* [Your assignment]:
Please give back word for word the lines below, from the first one through the one with "被抽調(diào)出的執(z".

* [Input data]:

--*--

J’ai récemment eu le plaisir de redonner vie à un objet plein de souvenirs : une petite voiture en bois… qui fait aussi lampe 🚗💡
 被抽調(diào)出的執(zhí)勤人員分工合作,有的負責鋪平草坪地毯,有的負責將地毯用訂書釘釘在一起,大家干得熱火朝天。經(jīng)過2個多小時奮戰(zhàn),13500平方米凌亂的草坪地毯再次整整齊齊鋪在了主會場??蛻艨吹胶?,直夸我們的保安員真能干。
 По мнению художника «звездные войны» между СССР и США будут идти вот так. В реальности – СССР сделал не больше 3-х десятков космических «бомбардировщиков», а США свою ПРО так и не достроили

--*--

* [Response to the task]:
J’ai récemment eu le plaisir de redonner vie à un objet plein de souvenirs : une petite voiture en bois… qui fait aussi lampe 🚗💡
 被抽調(diào)出的執(zhí)勤人員分工合作,有的負責鋪平草坪地毯,有的負責將地毯用訂書釘釘在一起,大家干得熱火朝天。經(jīng)過2個多小時奮戰(zhàn),13500平方米凌亂的草坪地毯再次整整齊齊鋪在了主會場??蛻艨吹胶?,直夸我們的保安員真能干。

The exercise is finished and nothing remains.